Le terme utilisé dans le Talmud pour un garçon de treize ans est bar onechin “ celui qui est responsable et punissable pour ses actions ”. Ceci renvoie à la distinction juridique selon laquelle l’enfant mâle âgé de treize ans devient responsable de ses propres transgressions.

D’après le Talmud, l’adolescence du garçon commence à l’âge de treize ans et un jour. Avant treize ans, cependant, un garçon peut participer à des cérémonies religieuses dès lors qu’il est capable d’en apprécier la signification. Il peut être appelé à la lecture de la Torah, porter les tefillin, et même jeûner à Yom Kippour.

Les communautés séfarades imposaient aussi des restrictions, tendant toutes à favoriser l’apparition d’une cérémonie formelle de bar mitsvah.
L’essentiel de ce rituel consistait :
1) à prier avec les tefillin pour la première fois;
2) à être appelé à la lecture de la Torah.

Chez les Achkenazes d’Europe de l’Est, le garçon était généralement appelé à la Torah le premier lundi ou jeudi après son treizième anniversaire (selon le calendrier hébraïque) ;

il récitait à cette occasion les bénédictions de la Torah et chantait éventuellement quelques versets de la péricope hebdomadaire du Pentateuque.


© Mazal Tov

En Europe occidentale, cependant, le garçon de treize ans était appelé à la Torah pendant l’office du matin du chabbat. Après avoir récité les bénédictions de la Torah, le garçon en chantait une section (le maftir) et la lecture de la haftarah tirée des Prophètes.

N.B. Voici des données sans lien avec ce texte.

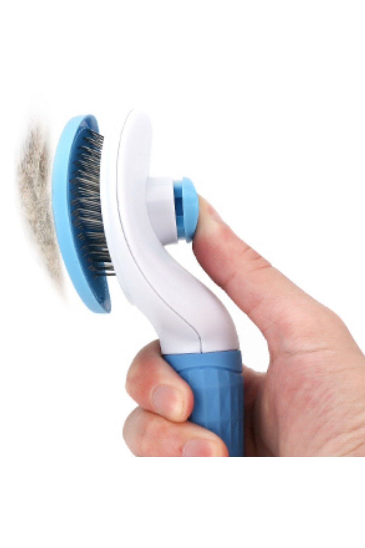 Kedi Köpek Tüy Toplayıcı Kendini Temizleyebilen Ergonomik Saplı Evcil Hayvan Tarağı - Mavi

Cet usage est aujourd’hui généralisé à travers le monde. Un matin, en semaine ou le chabbat, lorsque son fils a terminé la seconde bénédiction de la Torah, le père récite une formule spéciale - Baroukt chè-petarani - marquant le nouveau statut de responsabilité religieuse du garçon.

Telle qu’elle se cristallisa dans les communautés achkenazes autant que sefarades, la cérémonie de bar mitsvah comporta désormais un discours ou propos (derachah) du garçon de treize ans. Ceci devait montrer sa compréhension des commentaires rabbiniques et, dans certains cas, donnait lieu à des explications de droit talmudique. Le discours était (et est encore généralement) écrit par le professeur pour que le bar mitsvah l’apprenne et le prononce en public.